Читаем Прогулки с бесом, или "Gott mit uns"! полностью

Как-то раз кто-то из тёткиных постояльцев принёс ведро свежей крови. У матери имелась гречневая мука, и она тут же напекла что-то вроде оладий. Матушкина пищевая фантазия в оладьях из крови и гречневой муки была самой вкусной в жизни! Прошло столько лет, сожраны тонны различных продуктов, но вкусовая память об оладьях из гречневой крупы на коровьей крови осталась и до сего дня. Потребляли советские граждане кровяную колбасу во времена "расцвета социализма", было с ними такое, едали, но те гречанки на крови остались в памяти потому. что были первыми…

На сегодня часовню, где враги когда-то били скот, восстановили. Красива она, но не так, как та, первая, древняя. "Новодел" она.

И не бес, а собственная память шепчет:

— Здравствуй, часовня! Тебя ли вижу? Ту, древнюю, истинную, или ты — копия? Чиста ты и прекрасна ныне, но не прежняя. Не та, кою когда-то построили, освятили, и к тебе приходили верующие очищать души от тревог земных. Память, проклятая память, не позволяет душе полностью уйти в молитвенный экстаз и подсовывает не соответствующие "святости момента" мысли: "да, да, "христолюбивый" народ русский когда-то тут склад устроил, а другие, не менее "богалюбивые" скот били… Какой ещё этап пройти осталось"?

Ныне в часовне обращаюсь к небу с просьбой о помощи, и просьба моя идёт первой, но просьб простить меня за прошлые надругательства над тобой — не появляются…

И та часовня, в северо-восточном углу, которая когда-то торговала пивом, ныне отремонтирована и приведена в порядок. И никто из молодых не знает, что пол века назад сие культовое сооружение с большой выгодой для "советского" государства торговала пивом "распивочно и на вынос".

— Какие мысли о главном храме отечества? Насколько они святы? Не думаешь: "красив ты ныне, но и твоё тело когда-то рвали на куски! Не прежний ты, другой! Копия, не святость, всего лишь напоминание о "богоизбранности" вашей!

Вывод: "учение, поддающееся искажениям — ложно". Основная заповедь христианства какая?

— "Любите друг друга…"

— А вы?

— Первым делом объявили себя "христолюбивым" народом, а всё остальное, что казалось нам лишним — отнесли в склад-часовню на хранение. Ответь, "вражина": а бог знал, что "христалюбивый русский народ" через тысячу лет истовой веры всё же отречётся от него? Знал, что со временем одумается и вернётся "в лоно православной церкви"? И как такие "отпады" и "возвраты" понимать?

— Не иначе, как с большого "перебора" такое с вами приключилось! — только настоящий дипломат способен уйти от прямых вопросов таким ответом!
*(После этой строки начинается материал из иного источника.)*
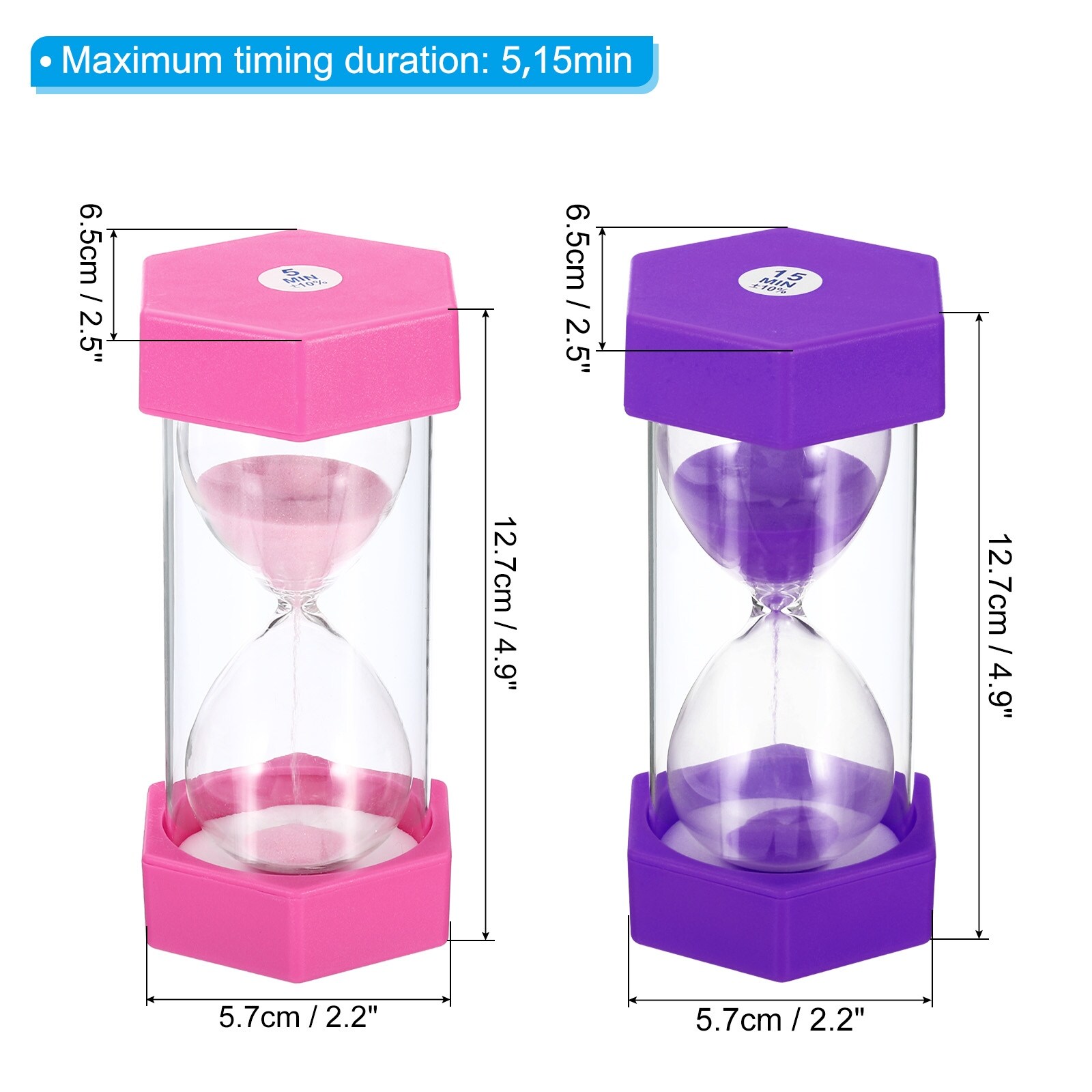 5,15 Min Sand Timer,2pcs Hexagon with Cover,Count Down Sand Clock Pink,Purple - Pink, Purple
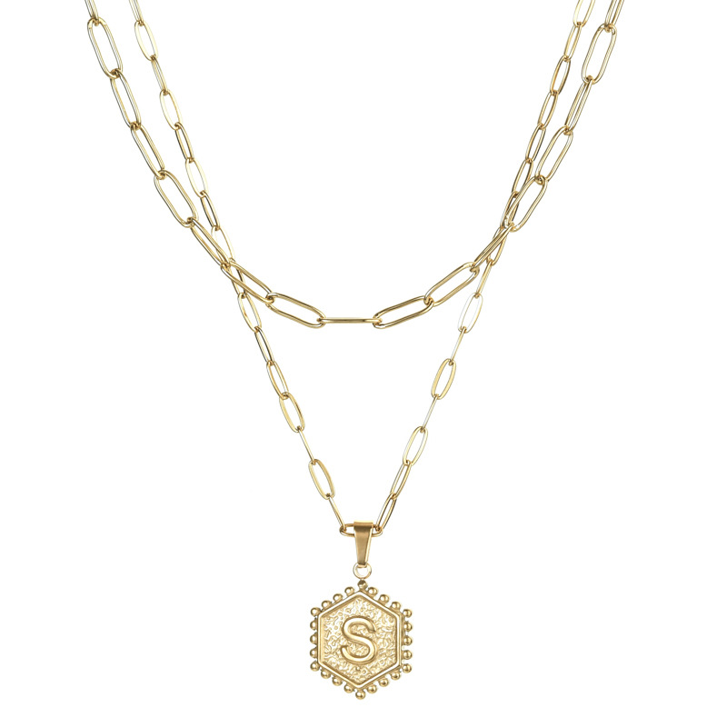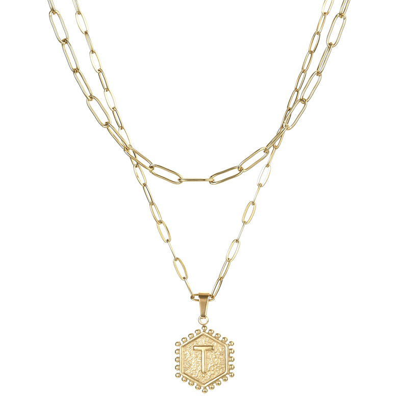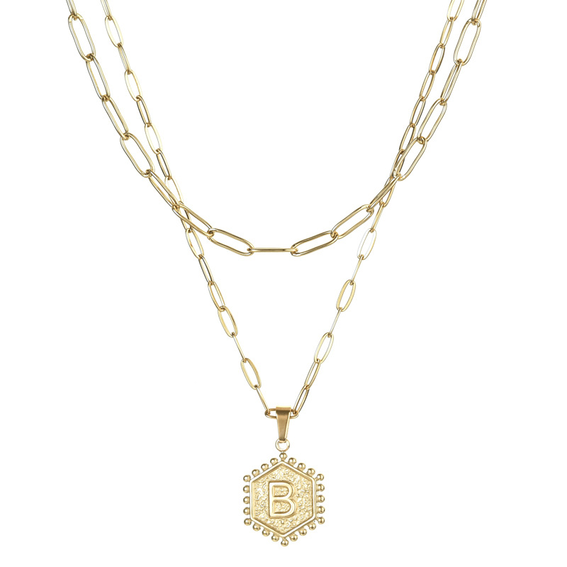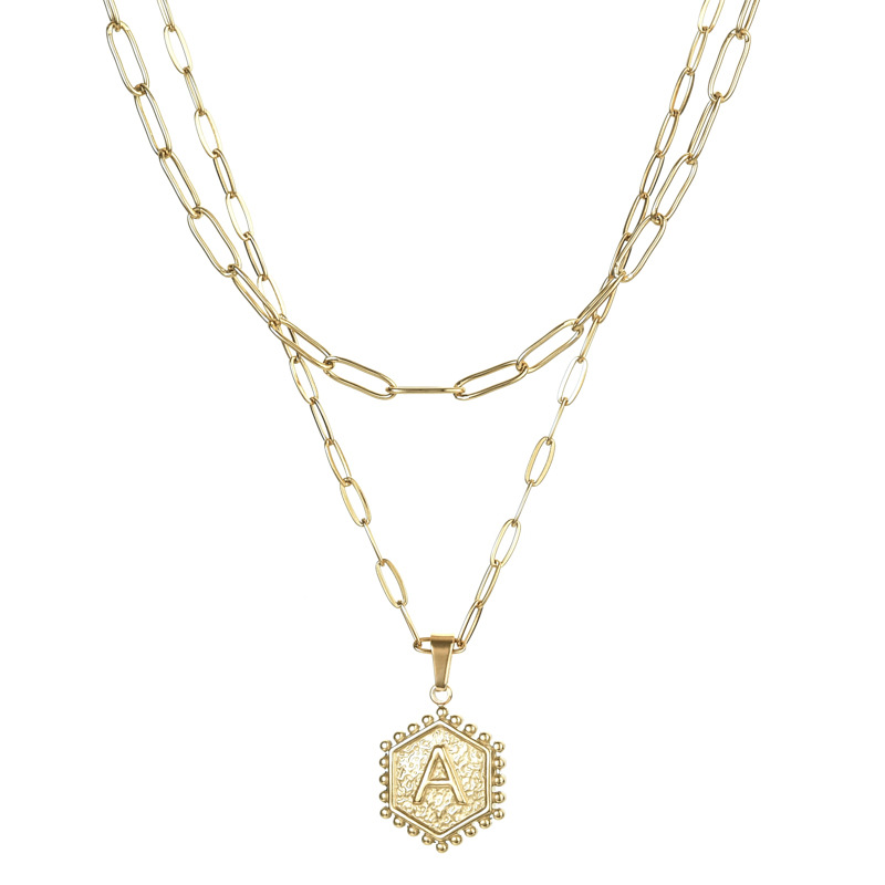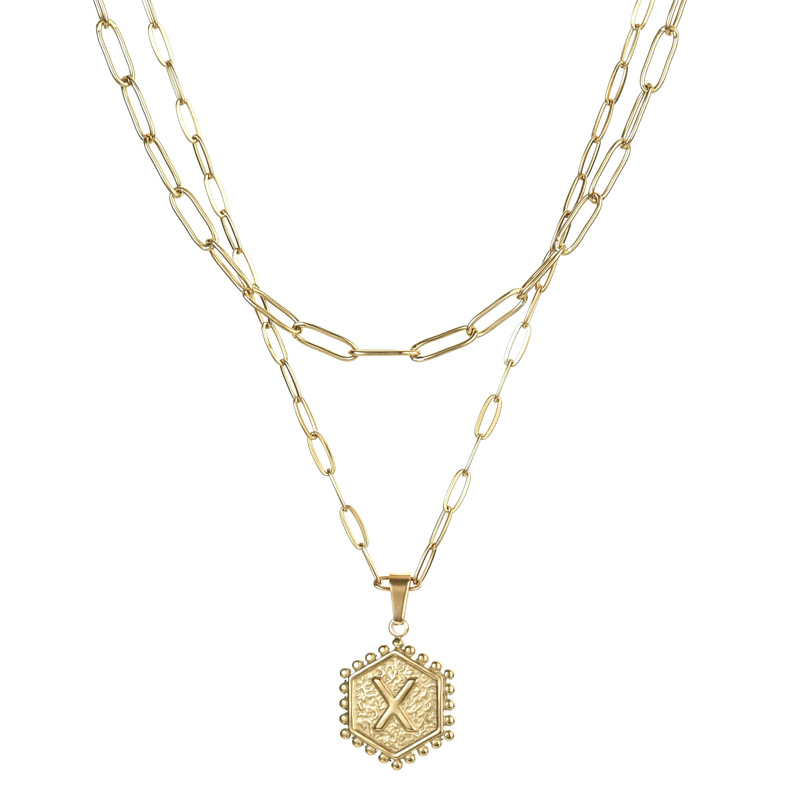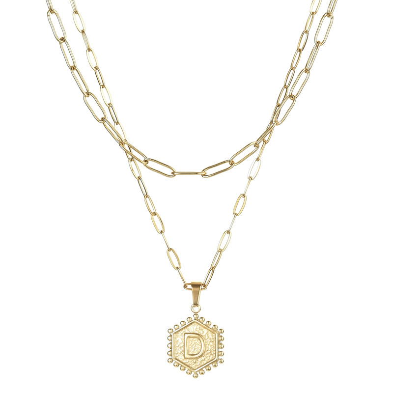 14K Gold Double-layer Combination Necklace Cool Female Letter Stainless Steel Necklace

Врагу не пожелаю такого "квартиранта"!

Глава 88.

Расстрел.

В нашей местности бывают редкие летние дни, когда небо закрывается тонким и ровным слоем из облаков высокого стояния. В такие дни нет теней и окружающий мир, оставшись без солнца, становится матовым. Никто в такой день не взялся бы определить, в какой части небосвода находится Светило. Воздух бывает абсолютно неподвижен и от этого ещё больше теряется "ход времени". В такие дни тянуло медитировать, и любимое занятие по перестановки востока и запада местами протекало весьма успешно.

Медитациями занимался у завалинки восточной стены кельи, и что такие мои упражнения назывались "медитацией" — об этом я и не догадывался. Что-то большое и непонятное кроется в таком нашем незнании, но что именно — это установит кто-то другой.

Сидел удобно: спиной упирался в кирпичи завалинки, а мой тощий зад в коротких штанишках из военного брезента одной из воюющих сторон, покоился на прогретой земле.

Рай и тишина! Если бы в этом раю ещё не хотелось есть! Тогда счастье было бы полным!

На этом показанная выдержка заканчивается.